7. В связи с предыдущим - Рихтер любил говорить о том, как важно во-время начать то или иное произведение. Например, перед сонатой си-минор Листа надо неподвижно сидеть и считать про себя медленно до 25-ти, и только когда публика тоже совершенно замрёт, в полной тишине взять эту первую октаву “соль” стаккато, а вот соль-минорную сонату Шумана надо начинать сразу, едва поклонившись, иначе не то настроение будет. По этому поводу он рассказывал следующую историю. -
Париж. Рихтера приглашают послушать концерт молодого французского пианиста. “Наша будущая звезда, необыкновенно талантливый мальчик!” - Полный зал Плейель. Первым номером должна исполняться как раз соль-минорная соната Шумана. Как все пианисты знают, она начинается с очень громкого и довольно длинного аккорда (трезвучие соль-минор). Молодой пианист очень нервничает, долго не решается начать (это его первый сольный концерт в таком знаменитом зале, да ещё, наверное, ему сказали, что Рихтер в публике). Он ёрзает на стуле, подкручивает высоту стула то выше, то ниже, поправляет причёску, достаёт платок, убирает платок, примеривается... Наконец, поднимает руки, нацеливается, замахивается, изо всех сил берёт аккорд - и, не рассчитав, по инерции головой ударяется об острый край рояля, падает, теряет сознание, Его уносят.

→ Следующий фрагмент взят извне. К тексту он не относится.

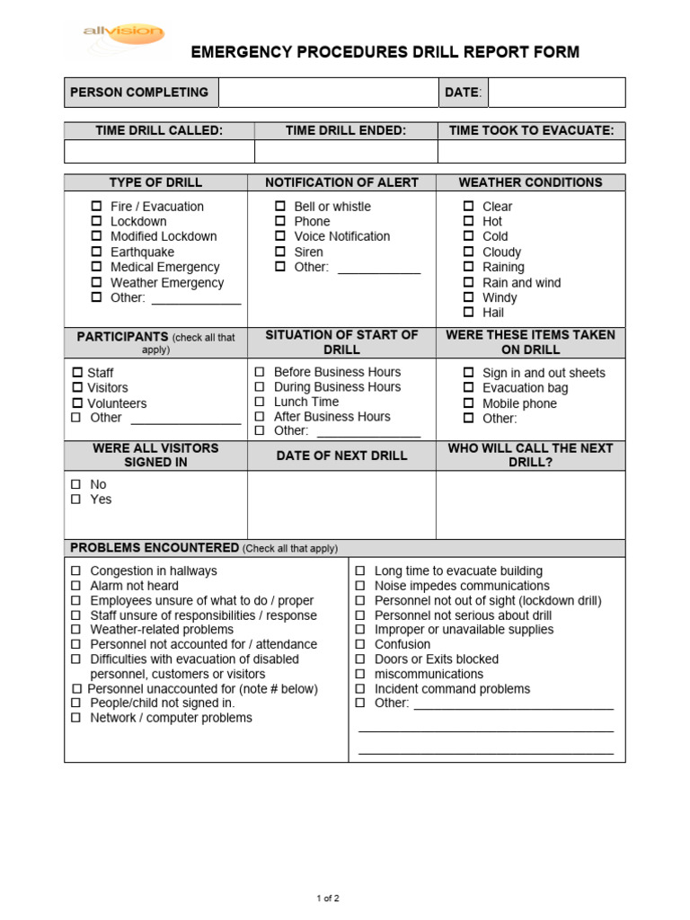 Emergency Drill Form ASC Solutions Library

Концерт отменяется, “и, - говорит Рихтер, -об этом мальчике больше никто никогда не слышал!”
8. Рихтер и Глен Гульд (эту историю я слышал от Бруно Монсенжона, с которым 3 часа ехали в поезде в Париж после одного фестиваля. Монсенжон - близкий друг Гульда, сделал много фильмов про него, а также знаменитый фильм о Рихтере. После смерти Рихтера был допущен к его архивам и издал книгу “Дневники Рихтера”. Знает, как он говорит, 18 языков, так что разговаривали мы по-русски. Кроме этой истории, которую см. ниже, рассказывал много интересного про Гульда, например, что тот не имел дома рояля, а занимался только
“в уме”, лёжа на диване и читая ноты. Потом приходил в студию и всё безупречно играл, а если что-то не получалось, какая-то нота не прозвучала, говорил “сегодня что-то инструмент не в порядке!” и уходил домой.)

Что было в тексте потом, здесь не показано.